This was a longitudinal study that employed quantitative methods, which lasted for one year from June 2015 to July 2016 and data was collected at four-month intervals at the two specialized Gender Based Violence Recovery Centres (GBVRC) in Nairobi: (a) the Kenyatta National Teaching and Referral Hospital (government) and (b) the Nairobi Women’s Hospital (private) in Kenya. The study was conducted with approval from the Ethical and Research Committee (ERC) of the Kenyatta National Hospital, University of Nairobi. The study population comprised children who did not have severe learning disabilities. Also, included in the study were children who had experienced sexual abuse, assented to participate and their parents/legal guardians consented to participate in the study and follow up. Children whose parents did not consent to participate in the study were excluded from the study. A sample size of 191 with an assumed attrition rate of 20% was used to estimate the incidence rate within a relative precision of 15% and 95% confidence levels. The ages of participants ranged between seven and seventeen years in conformity with the age requirements of the Piers-Harries Children’s Self Concept Scale, 2nd Edition (Piers & Herzberg, 2002).

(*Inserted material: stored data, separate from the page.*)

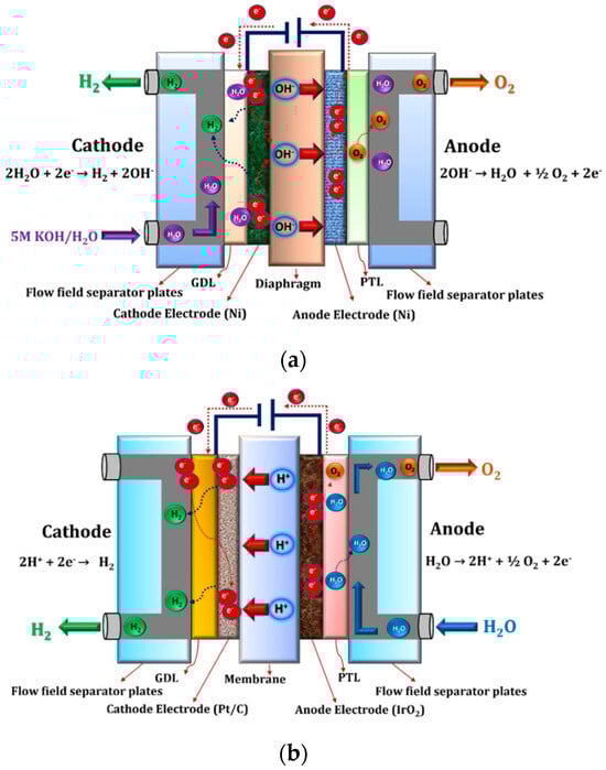 The most conventional and mature method for water electrolysis is ALK electrolysis, proposed by Troostwijk and Diemann in 1789 [59,60]. When the current passes, the water obtains electrons via reduction reaction at the cathode, producing H2 and hydroxide ions (OH−). To maintain charge balance, the OH− penetrates the diaphragm, which loses electrons at the anode, producing O2. The electrode reaction equations of ALK electrolysis are shown in Equations (2) and (3). Although there have been many studies on novel catalysts such as platinum-based catalysts [61] and crystalline catalysts [62], nickel-based catalysts remain the widely used catalysts for commercial ALK electrolyzers due to their relatively high electrocatalytic activity and low cost. In the past, thick asbestos diaphragms were generally used in AKL cells to separate the anolyte and catholyte compartments [63]. Recently, new materials such as nickel oxide, PTFE, and different types of polysulfone have been used to replace thick asbestos materials [64]. The electrolyte could help ionic transport and conduction; the most commonly used electrolyte in ALK electrolyzers is KOH solution with mass fraction of 20–30% [65]. Most ALK electrolyzers adapt tiny-gap or zero-gap structures to reduce ohmic loss [66]. In these structures, the electrode and diaphragm are very close, even in connection.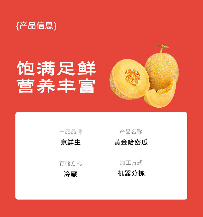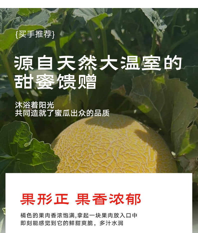 京鲜生 黄金哈密瓜 2粒 单果2.5斤起 净重6-8斤 生鲜水果礼盒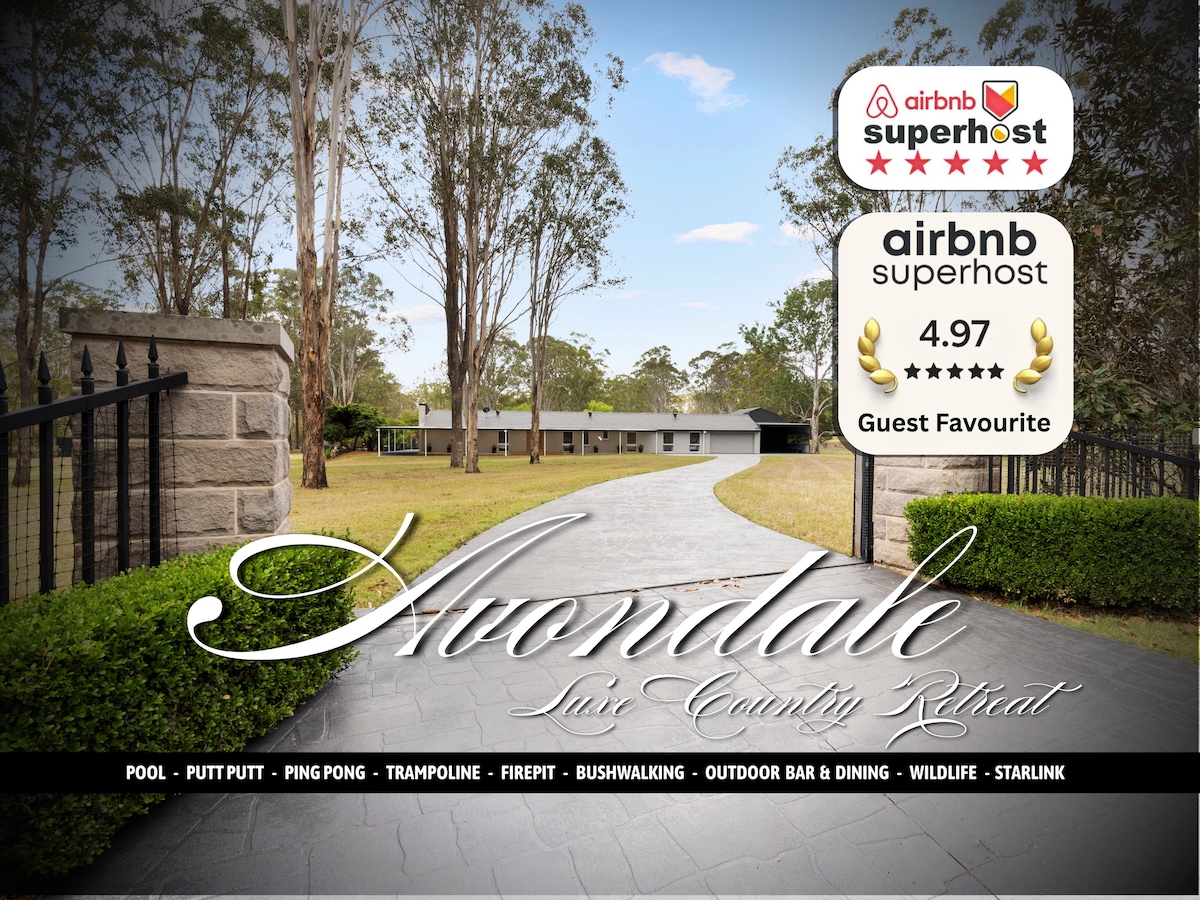Luxe Country Lodge: retiro en la selva de Sídney. «Avondale» es un lujoso albergue rural de 5 dormitorios ubicado en el borde del impresionante «bushland» australiano. A poco más de 1 hora de Sídney y a 10 minutos de Windsor, Avondale te ofrece la combinación perfecta de relajación, comodidad y actividades para jóvenes y mayores. Olvídate de vecinos ruidosos y luces de la ciudad; aquí, las estrellas cobran vida en el cielo nocturno y la vida silvestre es abundante. NOTA: Avondale no es un destino para fiestas.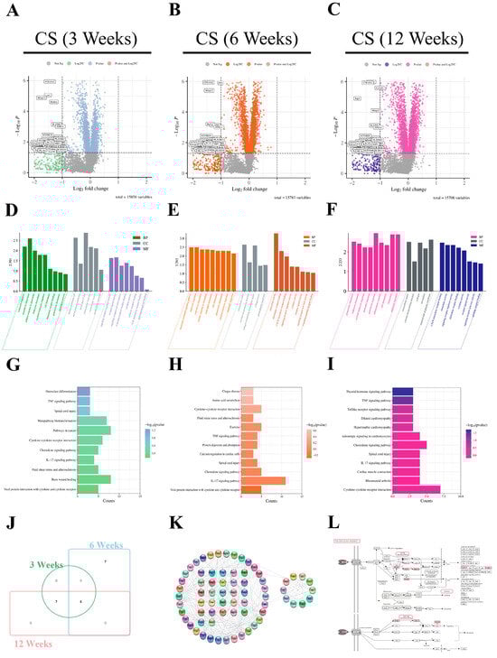 Bioinformatics analysis of the pathogenesis and potential pathways of silicosis. (A–C) Volcano plots showing differentially expressed genes in rats exposed to CS for 3, 6, and 12 weeks compared to the normal group. (D–F) Gene ontology analysis of differentially expressed genes in rats exposed to CS for 3, 6, and 12 weeks. (G–I) KEGG pathway analysis of differentially expressed genes in rats exposed to CS for 3, 6, and 12 weeks. (J) Venn diagram showing the enriched pathways. (K) Protein–protein interaction network of TNF signaling pathway. (L) The adherens junction pathway map of the TNF signaling pathway. Pink rectangles represent target genes involved in inflammation resistance.

The Piers-Harris Children’s Self Concept Scale was used in this study because it was designed for children at risk of sexual abuse. The scale was developed for children 7 to 18 years of age and it had high internal consistency with Cronbach’s alpha value, of 0.87 to 0.94. The scale had been successfully utilized with many populations, including Americans, Australians and Africans, specifically Kenyans (Kasomo, 2012). It is a self-reporting questionnaire, in which higher scores mean higher self-esteem. It is composed of 60 items covering six subscales: physical appearance and attributes, intellectual and school status, happiness and satisfaction, freedom from anxiety, behavioral adjustment and popularity. Test items are simple descriptive statements, written at a second-grade reading level. Children indicate whether each item apply to them by selecting “yes” or “no” responses, which require 10 to 15 minutes to complete. Also, it provides a total score that reflects the overall self-concept, in addition to subscale scores that permit more detailed interpretation (Piers & Herzberg, 2002).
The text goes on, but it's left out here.